→ Data extract
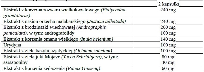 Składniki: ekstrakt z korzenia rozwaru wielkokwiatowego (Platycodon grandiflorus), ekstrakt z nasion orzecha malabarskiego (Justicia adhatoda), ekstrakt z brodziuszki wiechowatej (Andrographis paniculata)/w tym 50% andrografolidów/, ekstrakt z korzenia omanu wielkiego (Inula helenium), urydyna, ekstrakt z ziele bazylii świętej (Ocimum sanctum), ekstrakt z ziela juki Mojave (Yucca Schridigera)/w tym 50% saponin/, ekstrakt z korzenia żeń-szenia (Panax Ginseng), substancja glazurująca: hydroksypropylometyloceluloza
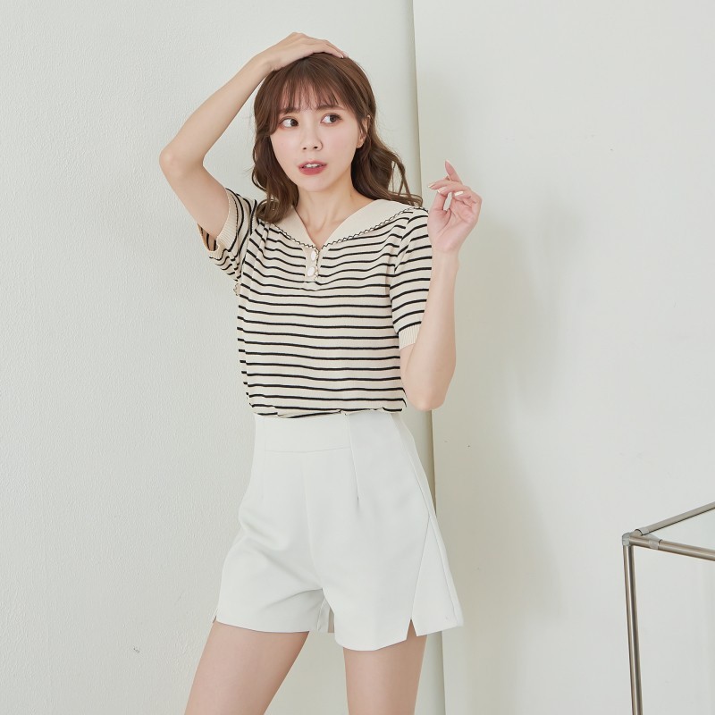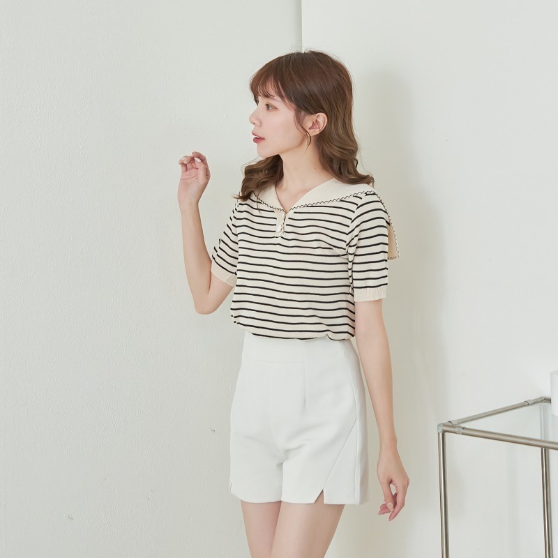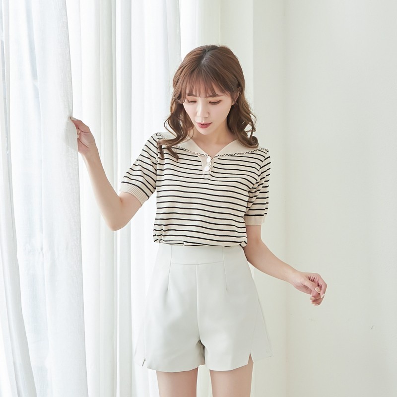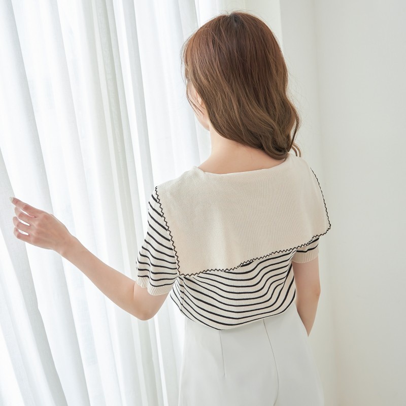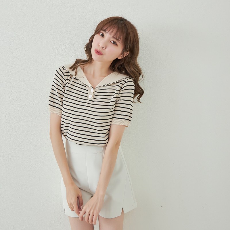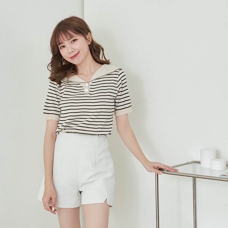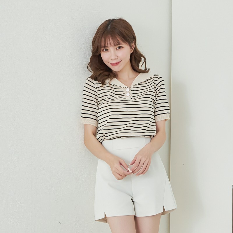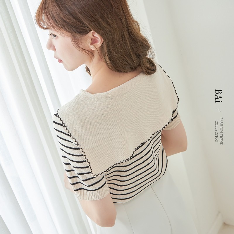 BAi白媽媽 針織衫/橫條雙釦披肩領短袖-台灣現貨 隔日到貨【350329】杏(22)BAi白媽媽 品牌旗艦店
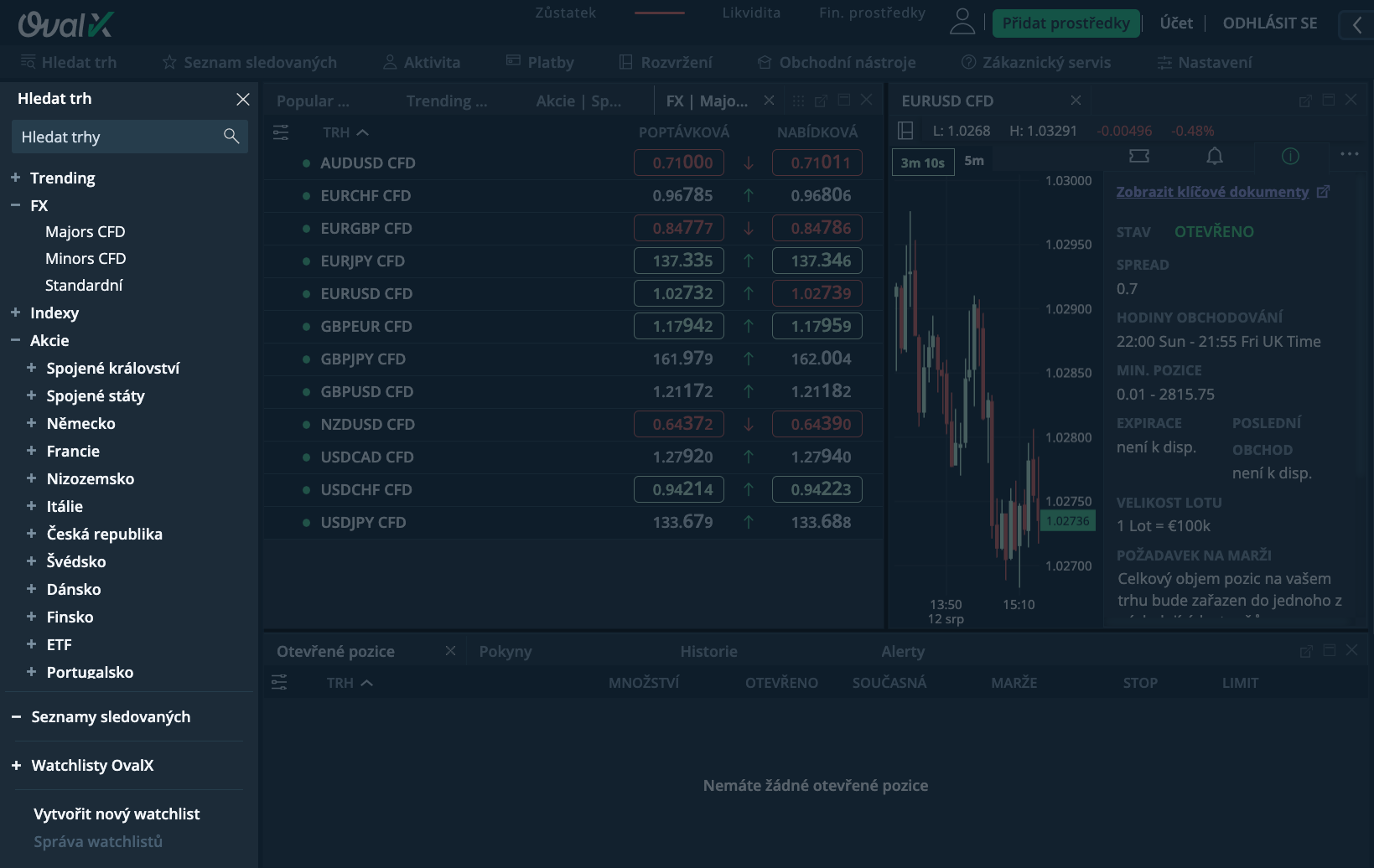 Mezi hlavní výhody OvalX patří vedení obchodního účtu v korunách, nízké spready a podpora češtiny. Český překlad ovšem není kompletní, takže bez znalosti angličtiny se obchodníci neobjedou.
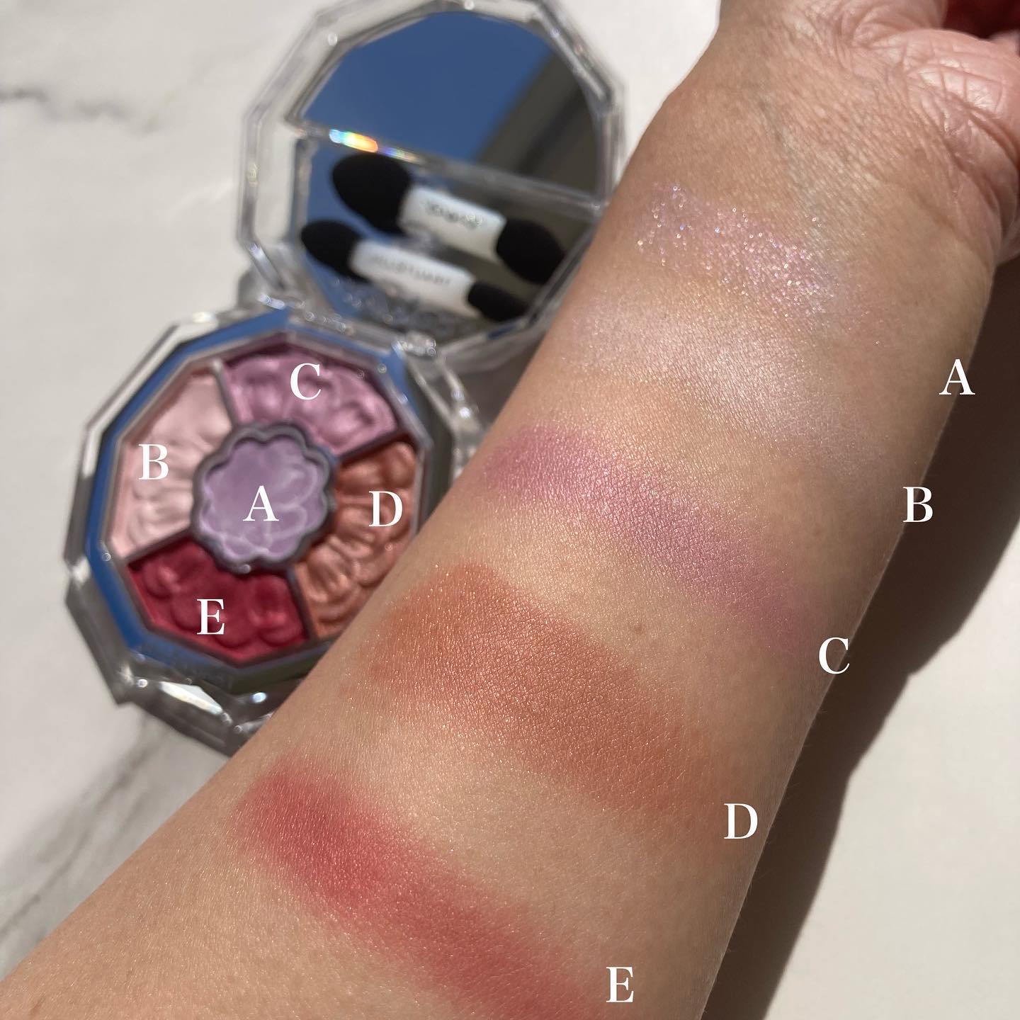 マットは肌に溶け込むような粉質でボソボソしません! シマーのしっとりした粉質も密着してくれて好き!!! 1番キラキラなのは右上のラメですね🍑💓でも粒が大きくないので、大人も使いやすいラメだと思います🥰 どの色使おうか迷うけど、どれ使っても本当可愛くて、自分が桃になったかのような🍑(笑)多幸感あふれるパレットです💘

→ Activity
Pictures excluded, write out exactly and only the lines of the material from the one containing "Mezi hlavní výhody" up to and including the last line.

→ Output
 Mezi hlavní výhody OvalX patří vedení obchodního účtu v korunách, nízké spready a podpora češtiny. Český překlad ovšem není kompletní, takže bez znalosti angličtiny se obchodníci neobjedou.
 マットは肌に溶け込むような粉質でボソボソしません! シマーのしっとりした粉質も密着してくれて好き!!! 1番キラキラなのは右上のラメですね🍑💓でも粒が大きくないので、大人も使いやすいラメだと思います🥰 どの色使おうか迷うけど、どれ使っても本当可愛くて、自分が桃になったかのような🍑(笑)多幸感あふれるパレットです💘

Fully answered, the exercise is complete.